That is, generating a join to a subquery is not possible in the ORM. In this case, you could probably get away with a correlated Subquery, however that would probably not perform as well as using a join in this case. This is because a subquery in a SELECT is evaluated once for each row, whereas a subquery join will be evaluated once.

So, we could use a VIEW for the subquery component:

CREATE OR REPLACE VIEW bar AS

SELECT baz.a,
       ARRAY_AGG(baz.c) AS d
  FROM baz
 GROUP BY baz.a;

And then stick a model in front of that, and join accordingly:

SELECT foo.a,
       foo.b,
       bar.d
  FROM foo
 INNER JOIN bar ON (foo.a = bar.a)

The Django model for the view would look something like:

class Bar(models.Model):
    a = models.OneToOneField(
        'foo.Foo',
        on_delete=models.DO_NOTHING,
        primary_key=True,
        related_name='bar'
    )
    d = django.contrib.postgres.fields.ArrayField(
        base_field=models.TextField()
    )

    class Meta:
        managed = False

The on_delete=models.DO_NOTHING is important: without it, a delete of a Foo instance would trigger an attempted delete of a Bar instance - which would cause a database error, because it’s coming from a VIEW instead of a TABLE.

Then, we’d be able to use:

queryset = Foo.objects.select_related('bar')

So, that’s the logic behind needing to be able to do a subquery, and it becomes even more compelling if you need that subquery/view to filter the objects, or perform some other expression/operation.
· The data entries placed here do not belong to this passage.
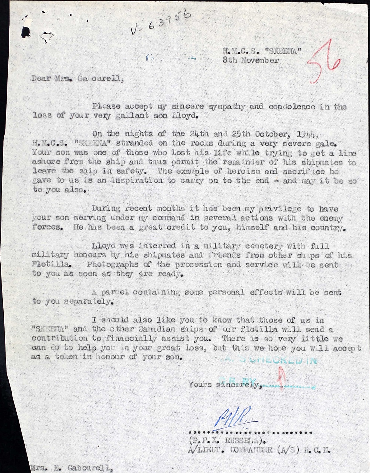 GABOUREL, Lloyd Austin, AB, V63956, RCNVR, killed - 25 Oct 1944, HMCS SKEENA - Son of Austin Gabourel, and of Erna Gabourel, of Toronto, ON.
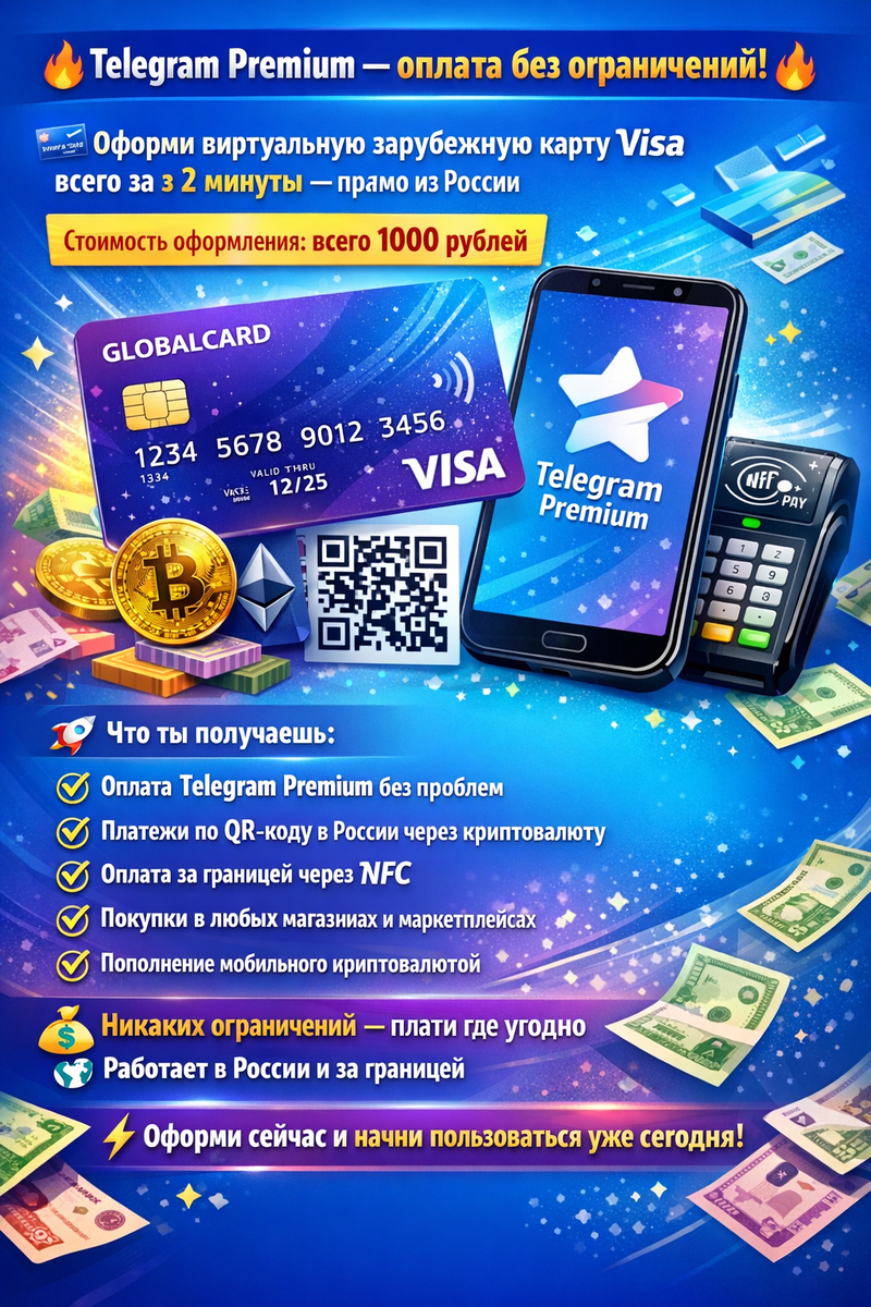 В современном мире подписка на Telegram Premium стала настоящей необходимостью для тех, кто хочет пользоваться всеми преимуществами мессенджера. Но что делать, если обычные российские карты не проходят? Решение есть — виртуальная зарубежная карта Visa, которую реально оформить за 2 минуты прямо из России. Сервис позволяет самостоятельно пополнять рублями баланс карты и сразу использовать её для оплаты Telegram Premium. Всё просто, быстро и без лишних посредников. Оформление карты обойдётся всего в 1000 рублей, а дальше вы сами управляете средствами. С такой виртуальной Visa вы можете платить по QR-коду в России криптовалютой буквально в любых магазинах и маркетплейсах. Никаких ограничений: супермаркеты, онлайн-магазины, сервисы доставки — всё работает. А если вы за границей, то оплата по NFC открывает двери везде, где принимают бесконтактные платежи. Ещё один приятный бонус — пополнение баланса телефона криптовалютой в России. Теперь мобильная связь тоже оплачивается мгновенно и без ко
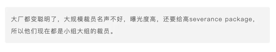 后裁不如先裁,起码包给的够大。现在大厂都裁出经验来了,无预警直接开裁,根本来不及反应。
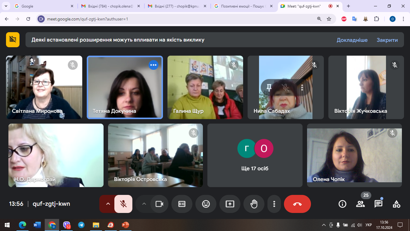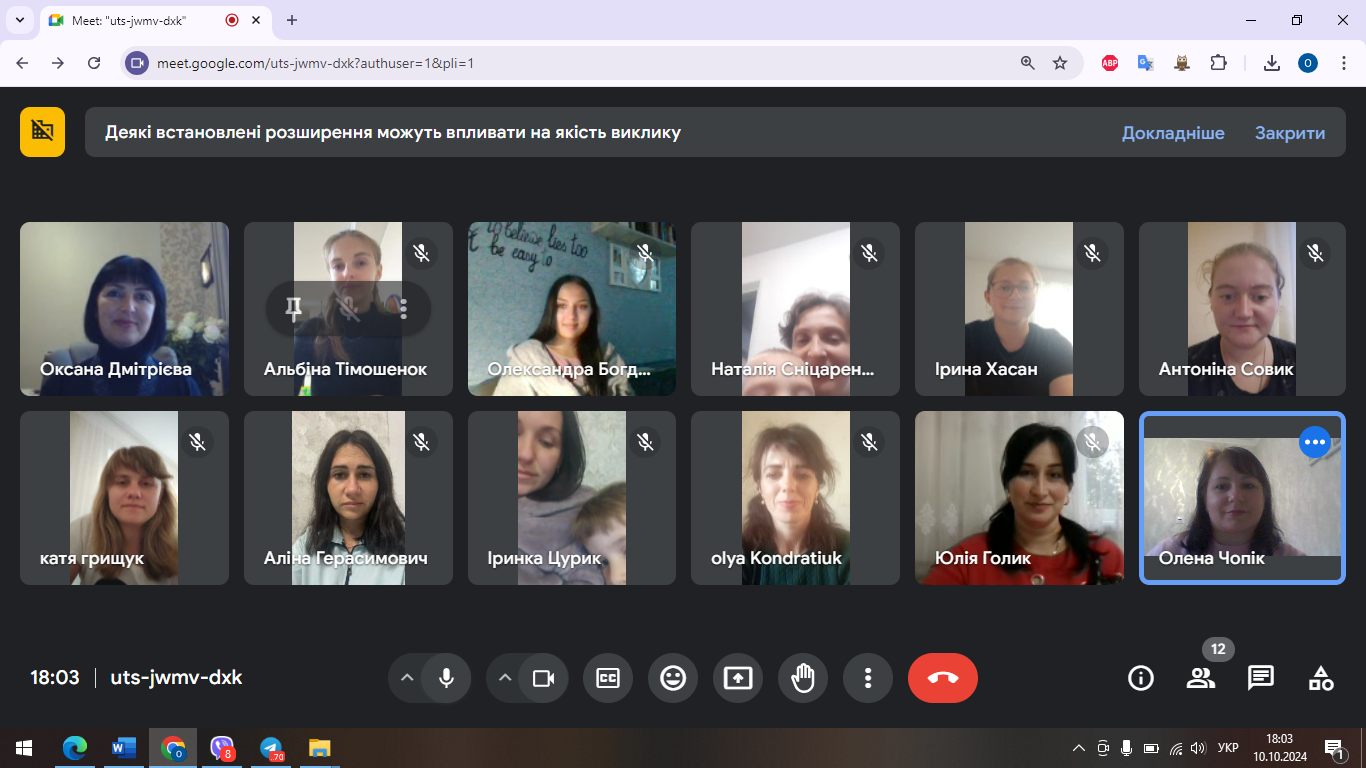 20 жовтня в рамках моніторингу ОП зустріч гаранта ОПП “Корекційна психопедагогіка та інклюзивне навчання” канд. психол. наук, доцента Буйняк М.Г. з педагогічними працівниками закладів освіти зі спеціальним та інклюзивним навчанням з метою обговорення ОПП “Корекційна психопедагогіка та інклюзивне навчання”.
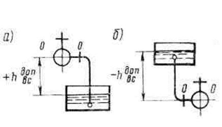 Рис. 12. К определению допустимой высоты всасывания В судовой практике в таких условиях работают конденсатные, бустерные, а в некоторых случаях и питательные насосы. Кроме того, Исходя из этого, возможны два различных случая установки насосов: при перекачивании жидкости с низкой температурой (рис. 12, а) и с высокой (рис. 12,6). Схема рис. 12,6 преимущественно используется в системах регенерации ПТУ и питания парогенераторов. Вакуумметрическая высота всасывания hвак — это величина вакуума у входного патрубка насоса. Она связана с
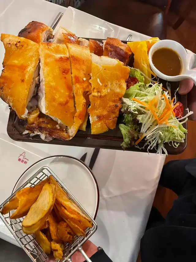 喂各位食貨!今次專程過大海,同大家發掘咗一間喺氹仔舊城區嘅寶藏餐廳——葡富軒。打頭陣嘅馬介休球夠哂正宗,外脆內軟,鹹香滋味啱啱好,完全唔會死鹹。跟住個酥皮蘑菇湯真係要畀個like,酥皮鬆化到呢,浸落濃滑嘅湯度,飲一啖已經幸福感爆棚!重頭戲葡式烤乳豬果然無令人失望!皮脆得像玻璃紙,肉質嫩滑多汁,仲帶住淡淡香氣,食完即刻想encore。最貼心係侍應們見我哋係遊客,由落單到上菜都笑容滿面,仲主動同我哋講解每道菜嘅故事,服務真係抵讚!總結:喺澳門想食地道葡國菜?呢間隱世小店絕對係心水之選!下次帶朋友過嚟食飯,一定再幫襯~🙂🙂…查看更多
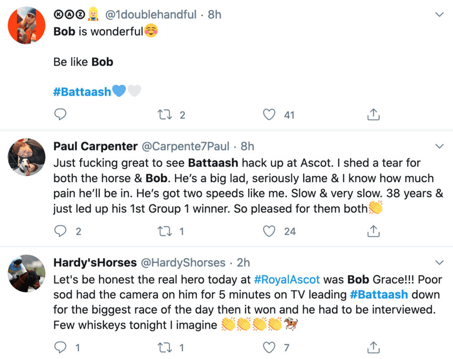 In his humble response to his first win after 38 years of racing at Royal Ascot, winning groom Bob Grace provided much needed cheer to racing fans everywhere along with his trusty companion Battaash
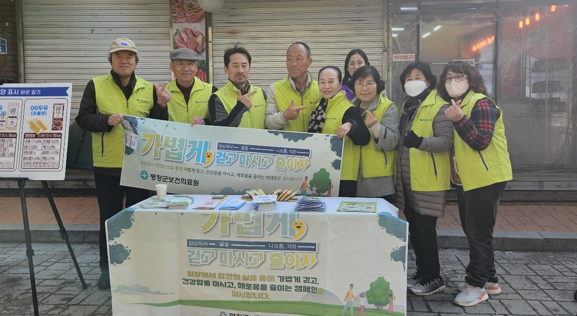 평창읍 건강위원회, 비만 예방 및 걷기 운동 활성화 홍보 캠페인 실시지난 3월 20일, 평창읍 건강위원회(위원장 지홍균) 회원 10여 명은 평창올림픽시장에서 평창군보건의료원과 함께 비만 예방 및 걷기 운동 활성화를 위한 홍보 캠페인을 실시했다. 이번 캠페인은 주민들의 건강한 생활습관 형성을 유도하고 일상 속 걷기 실천을 장려하기 위해 마련되었다.
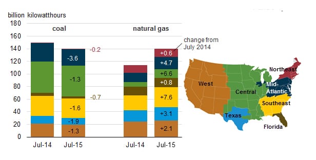 - A fall in the price of gas has led to a big shift in the utilization of the nation’s coal and gas plants, with gas-fired combined cycle power plants seeing capacity factors above those of coal plants in 2015 for the first time ever. Source: Energy Information Administration
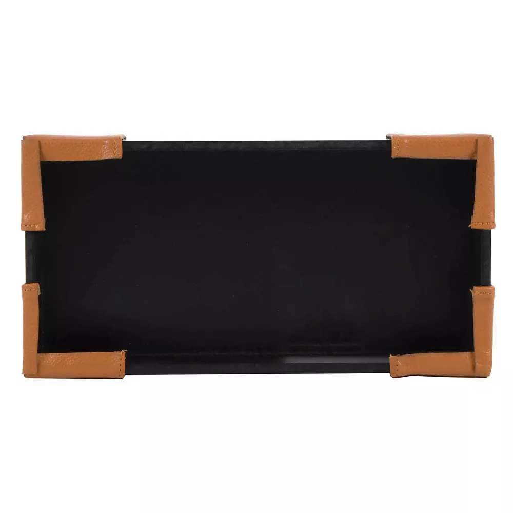 - Faux leather corner accents
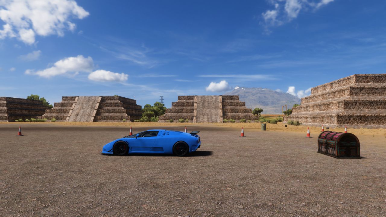 驅車抵達該處,能在跑道盡頭的一處金字塔前找到寶箱,驅車破壞即可。
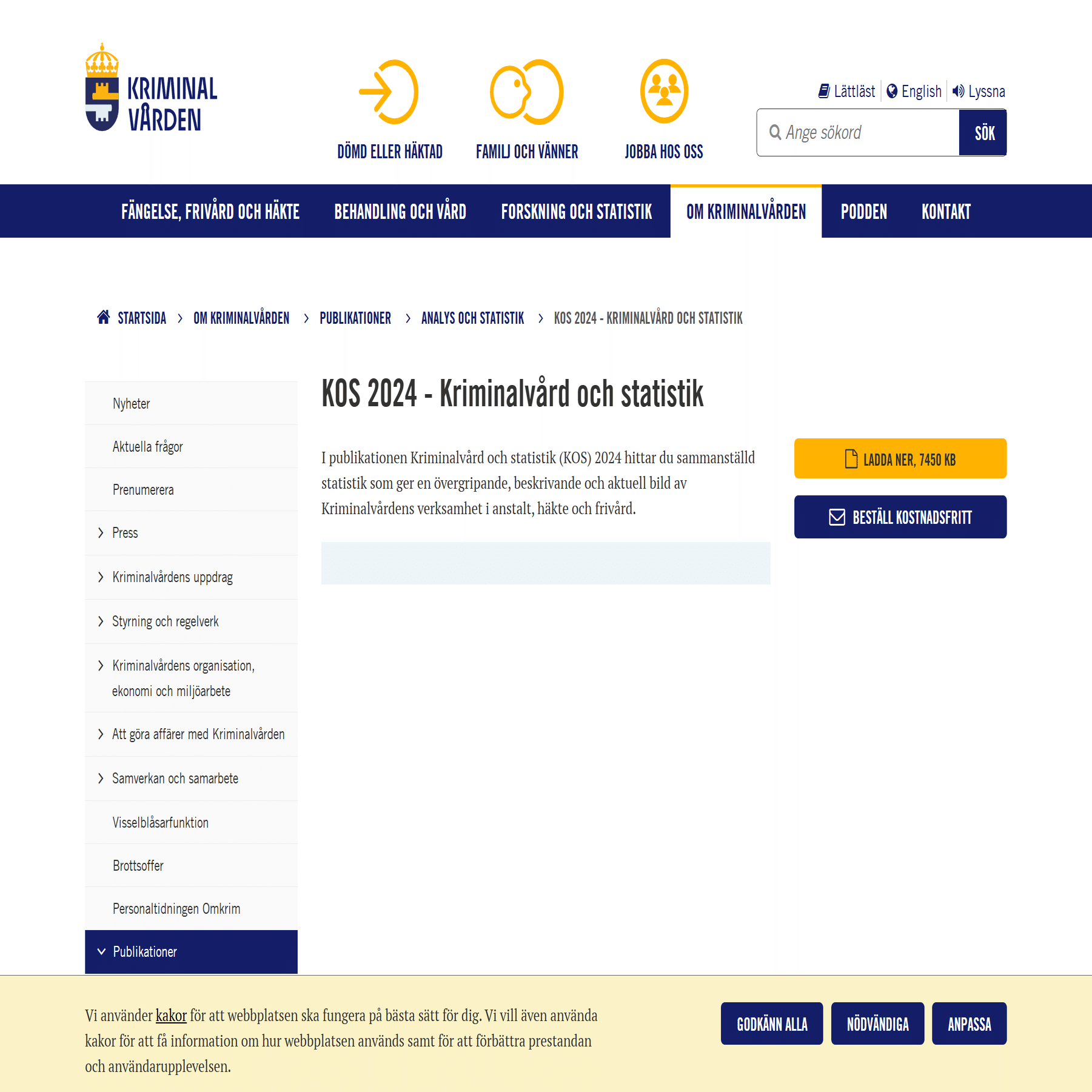 KOS 2024は、Kriminalvårdenの公式ウェブサイトにおいて、誰でもダウンロード可能な形で公開されている。
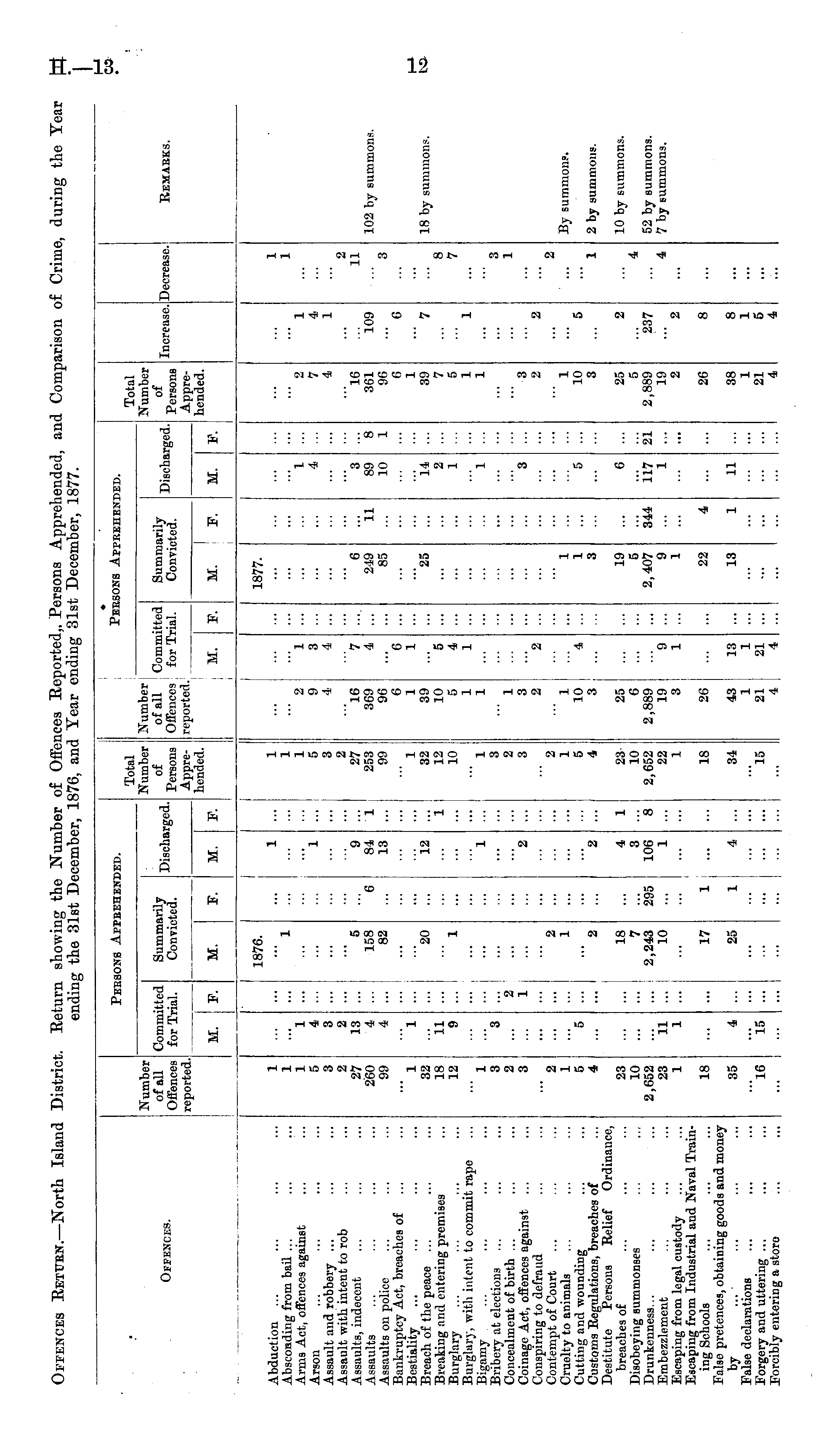 ♦ Persons Apprehended. Persons Appbeuended. A JSiU Number of all Offences reported. Total Number of Number of all Committed Offences for Trial, reported. M. F. Total Number of Offences. Committed for Trial. Summarily Convicted. Discharged. Summarily Convicted. Discharged. Increase. Decrease.' Remarks . Persons ApprePersons Apprehended. I hended. M. F. M. F. M. F. M. P. M. F. 1870. 1877. Abduction Absconding from bail ... Arms Act, offences against Arson Assault and robbery ... Assault with intent to rob Assaults, indecent Assaults Assaults on police Bankruptcy Act, breaches of Bestiality Breach of tho peace ... Breaking and entering premises Burglary Burglary, with intent to commit rape Bigamy Bribery at elections Concealment of birth ... Coinage Act, offences against Conspiring to defraud Contempt of Court Cruelty to animals Cutting and wounding Customs Regulations, breaches of Destitute Persons Relief Ordinance, breaches of Disobeying summonses Drunkenness... Embezzlement Escaping from legal custody Escaping from Industrial and Naval Training Schools False pretences, obtaining goods and money by ... False declarations Forgery and uttering ... Eorcibly entering a storo 1 1 1 5 3 2 27 260 99 1 32 18 12 1 3 2 3 1 4 3 2 13 4 4 1 11 9 3 "a 1 1 5 158 82 "20 1 "6 1 "l 9 84 13 12 1 "2 i i 1 1 1 5 3 2 27 253 99 1 32 12 10 1 3 2 3 2 9 4 16 309 96 6 1 39 10 5 1 1 1 3 2 1 3 4 "7 4 "e 1 5 4 1 2 6 249 85 "25 "il 1 4 3 89 10 14 2 1 1 3 8 1 2 7 4 16 361 96 0 1 39 7 5 1 1 3 2 1 4 1 109 0 7 1 1 1 2 11 3 8 7 1 102 by summons. 18 by summons. By summons. 2 2 1 5 4 2 1 2 1 5 4 2 "5 "2 1 10 3 "4 1 1 3 "5 1 10 3 5 2 by summons. 2 1 23 10 2,652 23 1 18 7 2,243 10 4 3 106 1 1 23 10 2,652 22 1 25 2,889 19 3 19 2,407 9 1 6 25 5 2,889 19 2 2 10 by summons. 295 "8 344 117 1 21 237 4 52 by summons. 7 by summons. 11 1 9 1 2 4 18 17 1 18 26 22 4 26 8 35 4 25 1 4 34 43 1 21 4 13 1 21 4 13 1 11 38 1 21 4 8 1 5 4 "l6 "is "l5
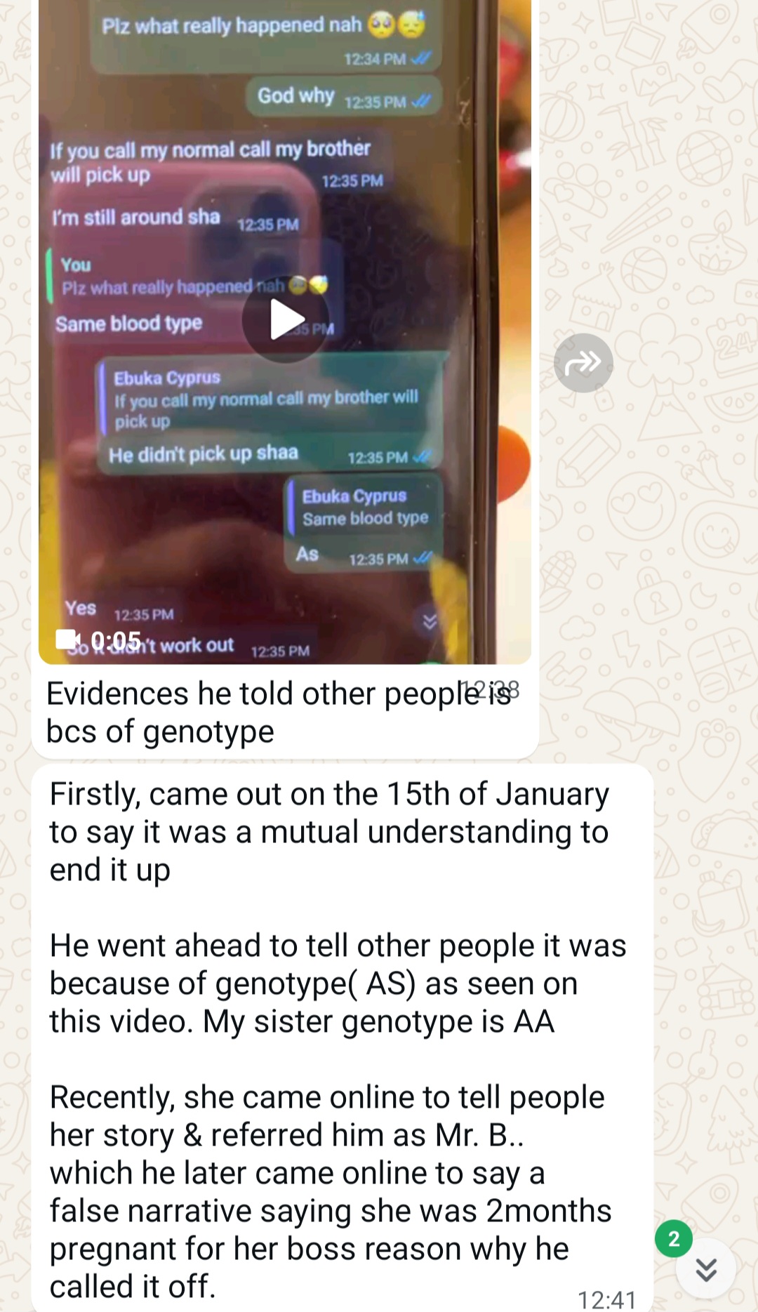Another screenshot purportedly shows him attempting to strike up a relationship with another woman and when she asked if he wasn't married, he claimed the marriage ended due to genotype issues, claiming they were both AS, even though Sandra is AA.

So, how can we make Django emit code that will enable us to handle that?

There are two problems:

  • Turn a queryset into a VIEW.
  • Get the migration autodetector to trigger VIEW creation.

The other day I came across Create Table As Select in Django, and it made me realise that we can use basically the same logic for creating a view. So, we can create a migration operation that will perform this for us:

class CreateOrReplaceView(Operation):
    def __init__(self, view_name, queryset):
        self.view_name = view_name
        self.queryset = queryset

    def database_forwards(self, app_label, schema_editor, from_state, to_state):
        queryset = self.queryset
        compiler = queryset.query.get_compiler(using=schema_editor.connection.alias)
        sql, params = compiler.as_sql()
        sql = 'CREATE OR REPLACE VIEW {view} AS {sql}'.format(
            view=schema_editor.connection.ops.quote_name(self.view_name),
            sql=sql
        )
        schema_editor.execute(sql, params)

    def state_forwards(self, app_label, state):
        pass

We can then have this operation (which needs to be passed a queryset).

This doesn’t really solve how to define the queryset for the view, and have some mechanism for resolving changes made to that queryset (so we can generate a new migration if necessary). It also means we have a queryset written in our migration operation. We won’t be able to leave it like that: due to loading issues, you won’t be able to import model classes during the migration setup - and even if you could, you shouldn’t be accessing them during a migration anyway - you should use models from the ProjectState which is tied to where in the migration graph you currently are.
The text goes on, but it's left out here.